Italian jurist and Cardinal (1595–1679)

Ulderico Carpegna (24 June 1595 – 24 January 1679) was an Italian jurist and Cardinal.

==Early life==
Born at Scavolino, he was from a family of the Roman nobility, connected with the Montefeltro family. He was the son of Tommaso di Carpegna, Count of Carpegna (1560–1610), and Vittoria Landriani (1571–1641). Among his siblings was Bishop Pietro Carpegna (1592–1630). His mother was a half-sister to Ercole Branciforte, 1st Duke of San Giovanni.

==Career==
He succeeded his elder brother Pietro to become Bishop of Gubbio in 1630, and Cardinal in 1633. He was Bishop of Todi from 1638, resigning by 1643. He was Camerlengo for a year from 1648. Consecrated by Luigi Caetani, he became Vishop of Albano in 1666, bishop of Frascati in 1671, and bishop of Porto and Santa Rufina in 1675. He died in Rome. Through his episcopal consecration of Paluzzo Paluzzi Altieri degli Albertoni, he is part of the episcopal lineage of Pope Francis. He is also connected to the lineage of Pope Benedict XVI.
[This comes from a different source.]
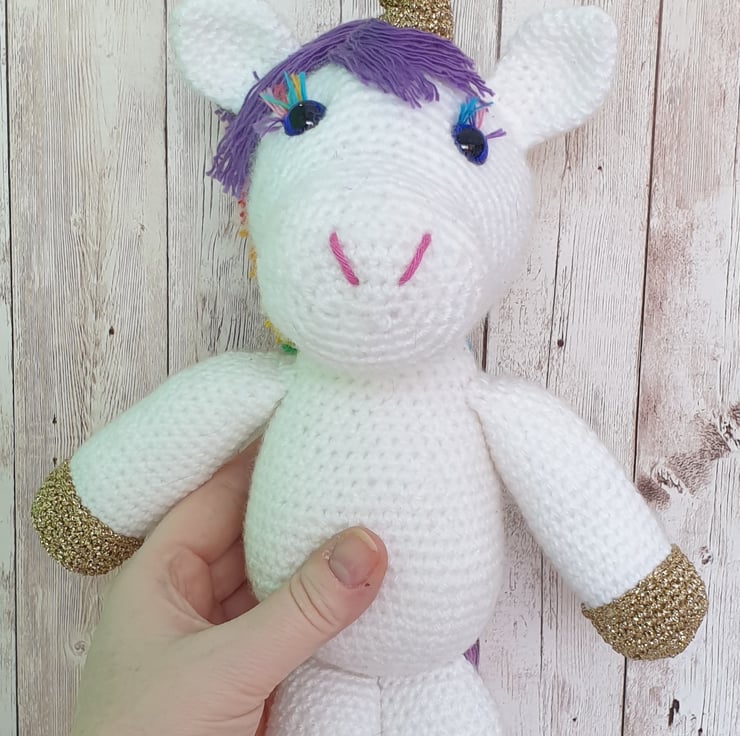 Twinkletoes is crocheted in a lovely soft white acrylic yarn for her main colour. Her hooves and horn are crafted from gold metallic yarn and really sparkle in sunlight.

Carpegna was a patron of Francesco Borromini and commissioned the Baroque architect important works of transformation and expansion of his palace at Fontana di Trevi. As a token of gratitude, Borromini named the prelate executor of his will and bequeathed him money and objects of considerable value "for", as he wrote, "the infinite debt I have toward him".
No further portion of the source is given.